Redgrave, ülkesine dönünce Tennessee Williams’ın Orfe İniyor oyunu için hazırlıklara başlar.

“Tennesse bir tiyatro ozanı olarak gücünün doruğundayken yazdığı ORFE İNİYOR’da zulme, baskıya duyduğu olanca dehşeti ve nefreti yansıtır.” (s.355)

Williams, ülkesinden ayrılmak zorunda kalan insanları anlatır bu oyununda.

Redgrave’in Napolili arkadaşı Salvatore’nin ona yanıtı şöyledir:

“Çünkü, ülkesinden ayrılmak zorunda kalan insanları çok iyi anlıyor. Onlar geri dönmek için yanıp tutuşurlar. Bu şarkıları dinleyen, (oyundaki, FA.), aşk şarkısı olduklarını sanır. Hayır, İnsanların toprak, memleket, tarih sevgisini, yitirdikleri şeye duydukları aşkı ve özlemi dile getirdikleri için çok beğenilen, tutulan şarkılardır bunlar.” (s.356)

Ada’dan çekip gidenlerden gelenlerle konuştum… Özlem çekiyor, diyordular… Neden gittiklerindense, gelip özlemlerini gidermelerini, geçmişe ait anılarından söz etmelerini seviyordular.
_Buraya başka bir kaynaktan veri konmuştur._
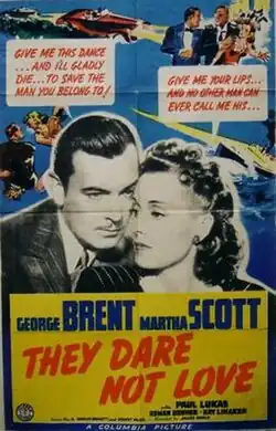 They Dare Not Love is a 1941 American romantic war drama film directed by James Whale[1] and starring George Brent, Martha Scott and Paul Lukas. Whale left the picture before the end of production; it was the last film released to credit him as director.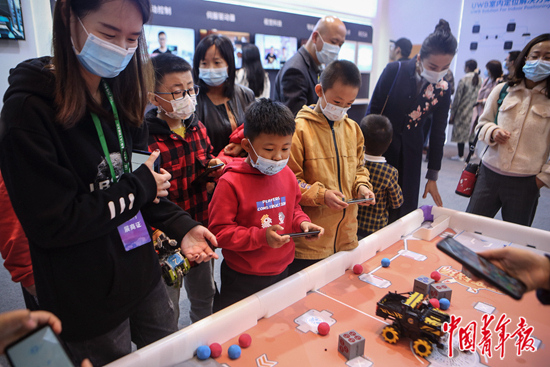 11月1日,山西太原,中國(太原)人工智能大會主題展覽現(xiàn)場,一家主打人工智能和機(jī)器人的高科技創(chuàng)新公司研發(fā)的機(jī)器人競技類游戲吸引了許多小朋友駐足體驗(yàn)。10月31日,中國(太原)人工智能大會舉辦,大會主題展覽同步舉行,40余個展位集中展示當(dāng)前人工智能產(chǎn)業(yè)核心技術(shù)、產(chǎn)品和創(chuàng)新成果。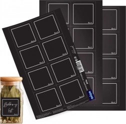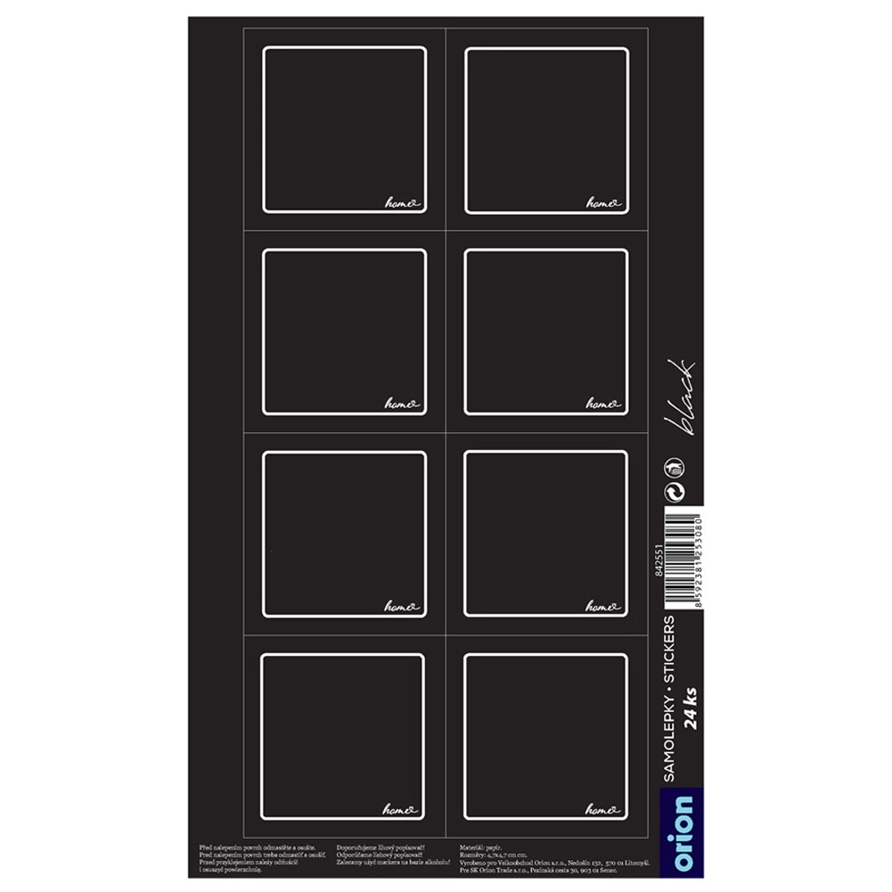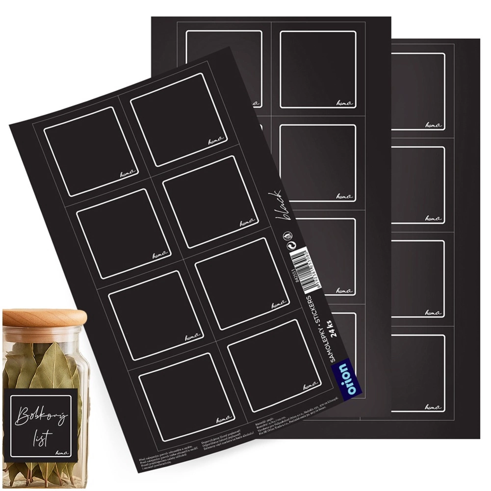 Praktikus 24 darab öntapadós címke elegáns fekete színben üvegek, palackok és tárolódobozok áttekinthető jelöléséhez. Minden címke mérete 4,7 × 4,7 cm, laminált papírból készül, és a öntapadó rétegnek köszönhetően nem igényel ragasztót. A saját felirat számára kijelölt hely olvasahatóságot és rendszert biztosít a spájzban és a konyhában. Eredeti ORION márkatermék.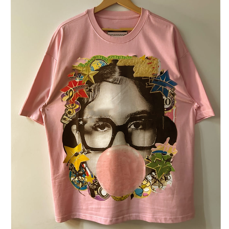 เสื้อยืดคอกลมโอเวอร์ไซส์ ยูนิเซ็กซ์ ผ้าคอตตอนเทอร์รี่แท้ 100% น้ำหนัก 350 กรัม พิมพ์ลายซิลิโคน ทรงหลวม ตัดสั้น ดีไซน์กราฟิก 3 มิติ คุณภาพสูง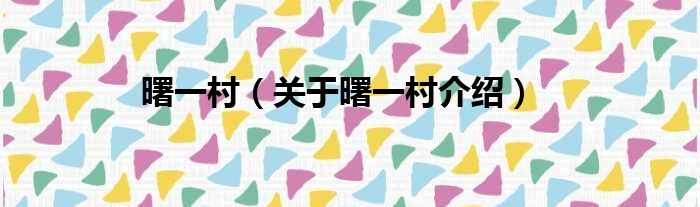 免责声明:本文由用户上传,如有侵权请联系删除!大家好,小钱来为大家解答以上的问题。曙一村,关于曙一村介绍这个很多人还不知道,现在让我们一起来看看吧!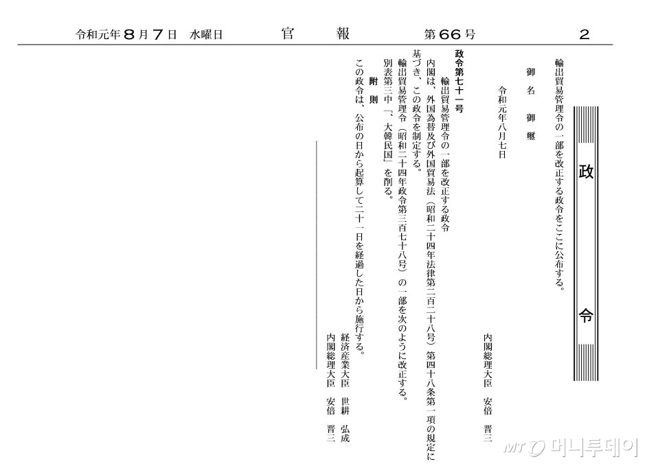 일본은 7일 한국을 '화이트리스트(백색국가·수출심사 우대국)'에서 빼면서 시행세칙인 '포괄허가취급요령'도 함께 개정했다. 기존 '백색국가'와 '비(非)백색국가' 구분을 없애고 수출 대상국을 A·B·C·D 4개 그룹으로 재분류하는 게 주요 내용이다.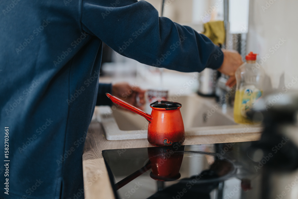 A person is working in a kitchen, preparing coffee or tea using a bright red enamel pot on the stove.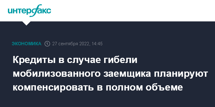 Кредиты в случае гибели мобилизованного заемщика планируют компенсировать в полном объеме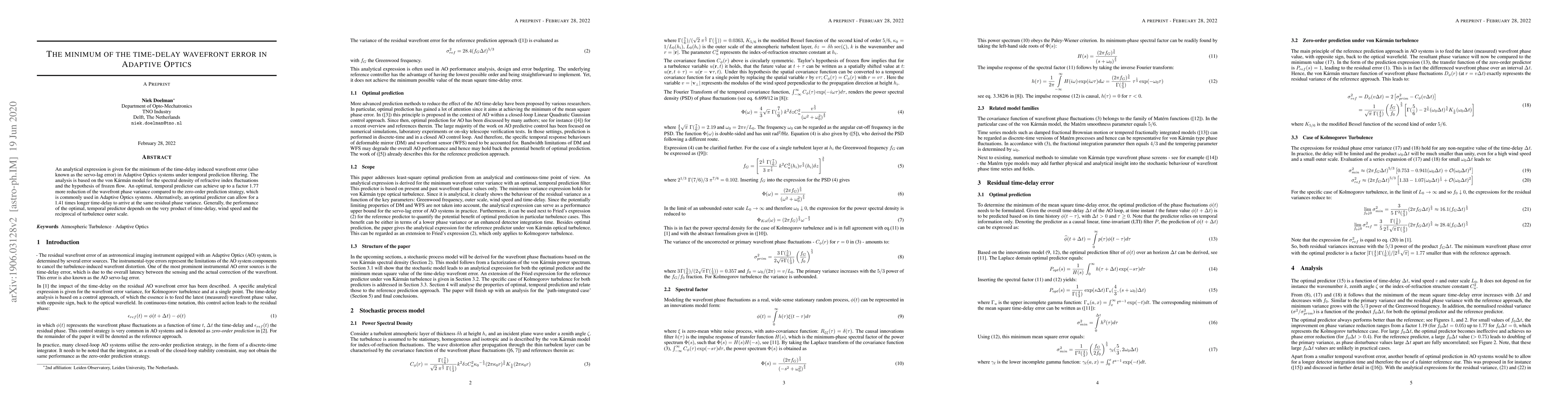 This paper derives an analytical expression for the minimum time-delay wavefront error in Adaptive Optics systems using temporal prediction filtering. It shows that an optimal predictor can reduce wavefront phase variance by a factor of 1.77 compared to the zero-order strategy, or allow for a 1.41 times longer time-delay for the same variance, depending on wind speed and turbulence scale.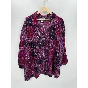 Maggie Barnes Button Down Shirt Women Purple Dark Floral Size 5X Collar Stretch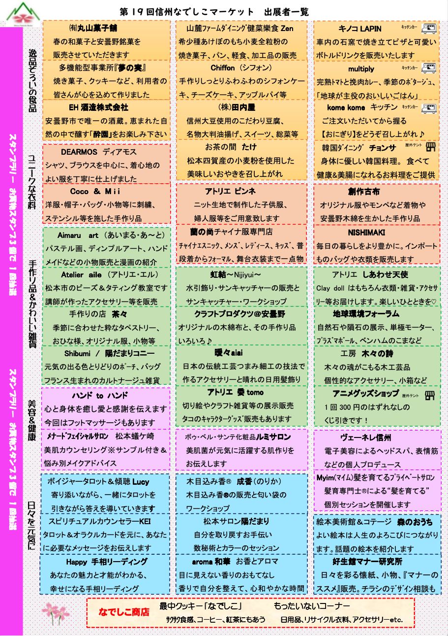 信州の女性起業家が中心として行われるこのマーケットは今回で19回目を迎え、今年は地域の飲食店や協力店が約42店舗参加&お楽しみ景品が当たるスタンプラリーに日用品や衣類のリサイクルを行うもったないコーナーの開設も予定されています。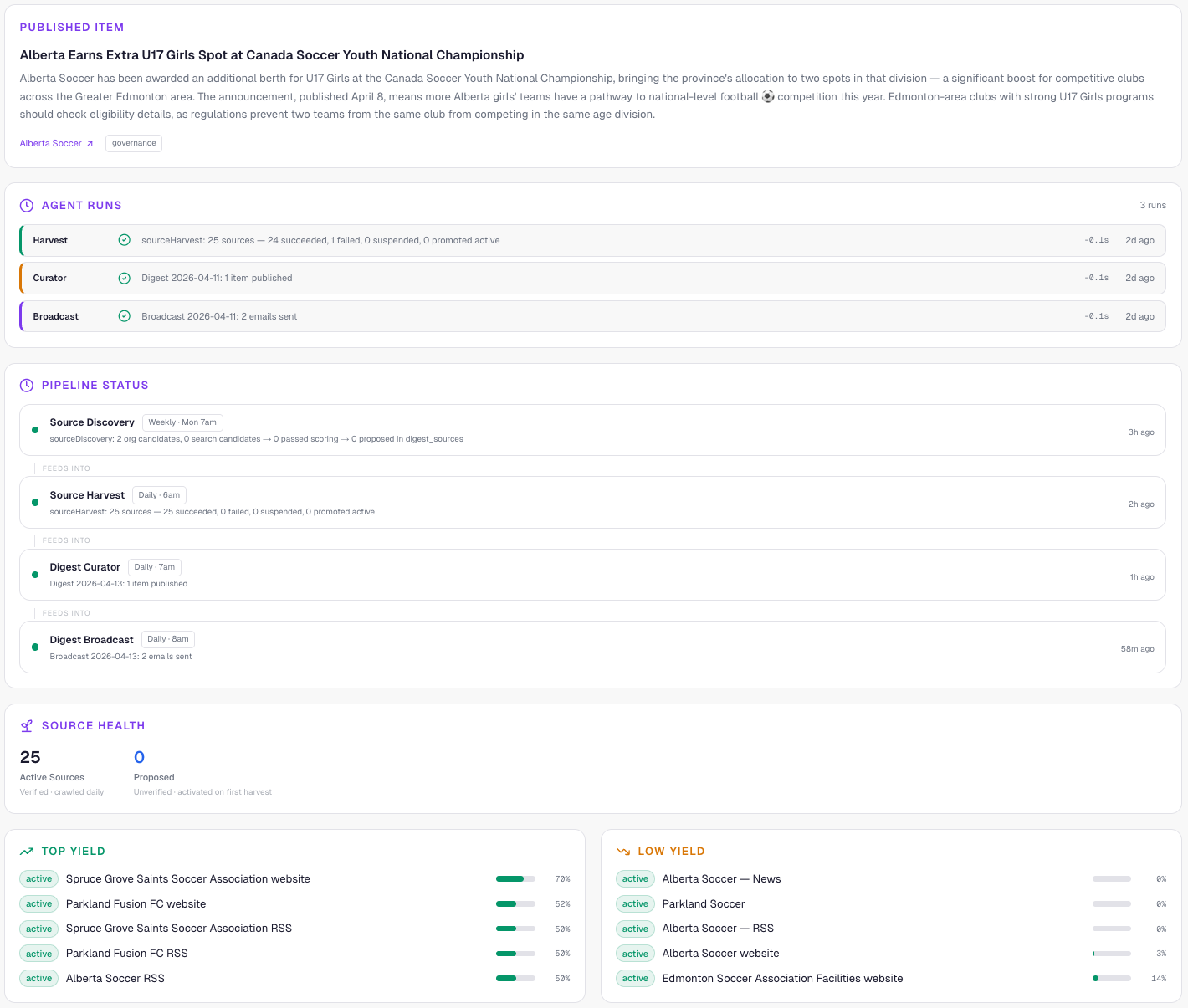 At 6am, the harvest agent wakes up and crawls every source I’ve pointed it at — local news sites, organization pages, RSS feeds. It pulls everything football-related into a staging table and tracks which sources keep delivering and which ones have gone dry.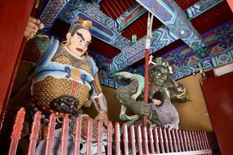 700年来,这座打破古建“坐北朝南”惯例的庙宇,以“坐西朝东”之姿,静看海河潮起潮落。现如今,12个殿宇内的46尊塑像经历岁月的洗礼,已出现色彩剥落的迹象。“这是自1986年以来规模最大、范围最广的塑像修复工作,也是为迎接明年天津天后宫敕建700周年而进行的。”天津民俗博物馆馆长刘静说,“经过多方考虑,最终选择了采取开放作业的形式,欢迎市民游客前来见证这场传统技艺与百年古建的碰撞交融,沉浸式感受老城津韵的独特魅力。”
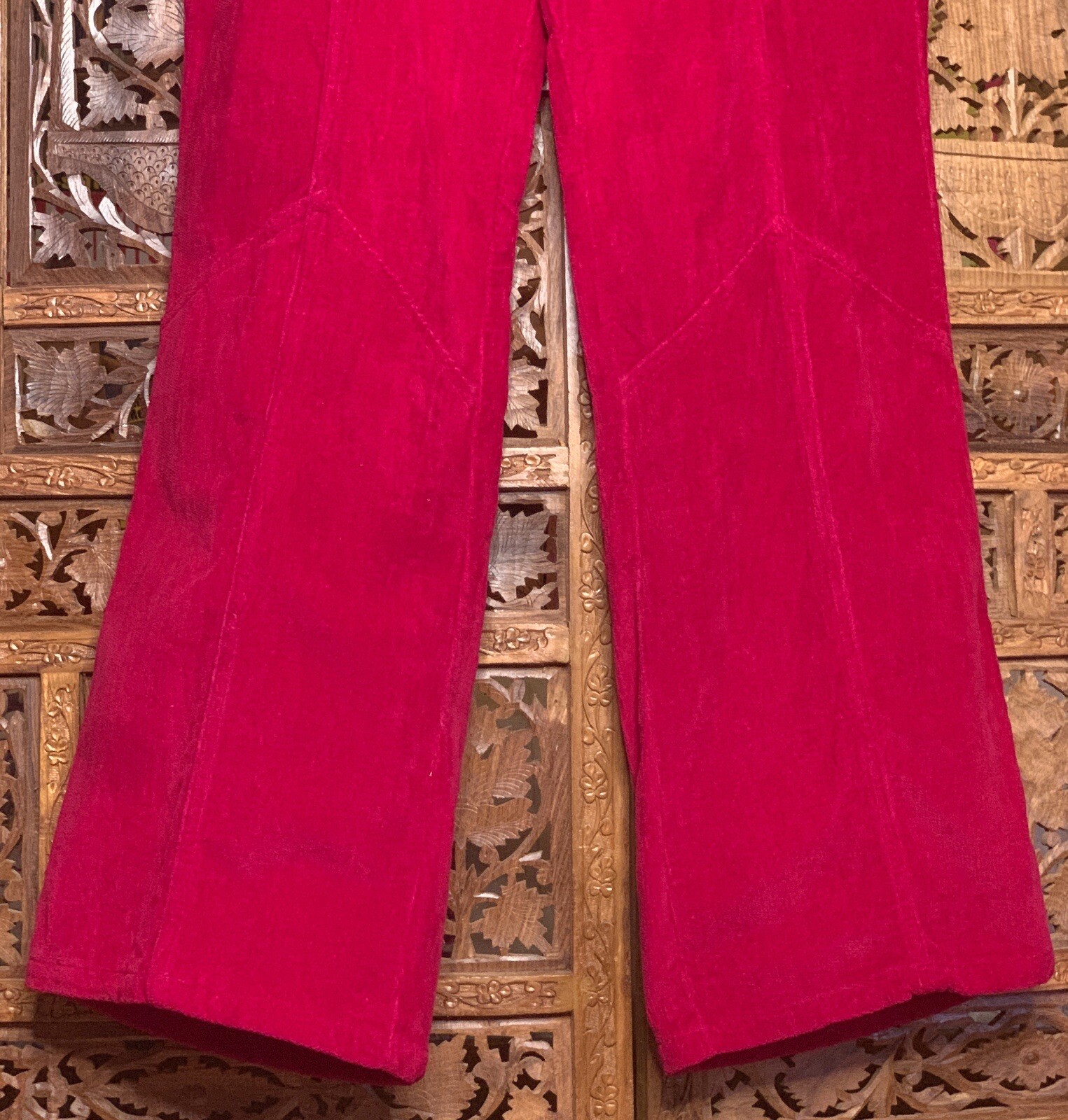 Vintage 60 s Mod Red Velvet Flare Pants Bell Bottoms Vtg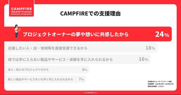 支持されるプロジェクトとしては、「エンタメ」が約400万件と最多で、次に「地域・まちづくり」や「ビジネス・起業」においても、多くの共感や応援が寄せられています。ユーザーアンケートによると、支援理由として「夢や想いへの共感」が最も多く挙げられました。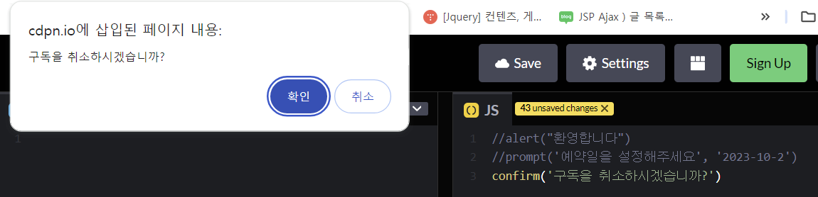 prompt 입력 받음 어떤 값을 입력 받을 때 사용함 두번째 인자값에 넣어주면 디폴트값으로 설정되어 볼 수 있음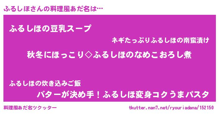 | 男性向けラノベタイトル風あだ名 | 『ふるしほに滅ぼされるだけの簡単なお仕事です』 |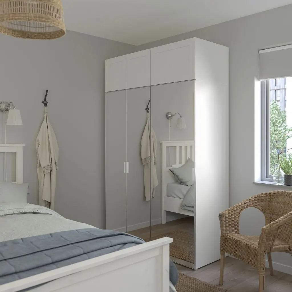 Зеркальные двери визуально расширяют пространство и делают его легче и светлее. Отличный способ преображения узкого коридора или маленькой спальни.Зеркальная дверца — нет необходимости в отдельном напольном или настенном зеркале.Не нужно сверлить отверстия, ручка легко и надежно устанавливается в нужном месте благодаря защелкивающемуся креплению.Двери можно повесить так, как вам удобно — с открыванием вправо или влево.Ручки продаются отдельно.Подходит для гардеробов ОПХУС.Для этого товара необходимы петли. Петли включены в стоимость, но продаются в отдельной упаковке.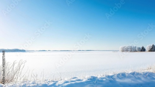 A clear winter sky above a snowcovered field, creating a bright, serene panoramic view

Onların bu sürüklenişlerinin öyküsünü “Canım Ada Halkı” romanında anlatmaya çalışıyorum. Adını vermediğim bir adadır orada anlatılan.

Yanıma aldığım kitapların bazıları bu göç/sürgün öykülerini anlatır.(*)

49./ Sen de Söyle Yalnızlık

Sözün köreldiği bir yer o karanlık.

Sizi çekip içine almak için debelenir… Ufkunuzu kapatır, içlendirir, bakışlarınızı soldurur.

Ada deneyimi bunu gösterdi sana.

Şimdi çekip giderken Cioran’la baş başa kalabileceğin anı bekliyorsun, sözde çoğalmak için.

                                            ***

Geçip gitme zamanının dönencesindeyim şu an. Gitmekle kalmak arasında yani. Yeni bir söze, yeni bir yalnızlık burcuna girmek için…

__________

(*) Pedal Çeviren Kadınlar, Reg Stathopulu, Çev: Müfide Pekin, 2006 met. 28/s.; İzmir’li Nine, Elsa ltin, Çev: Müfide Pekin, 1998, İletişim, 162 s.; Yegâne Miras, Yorgov Yoannu, Çev: M. Pekin, 2002, İletişim, 149 s.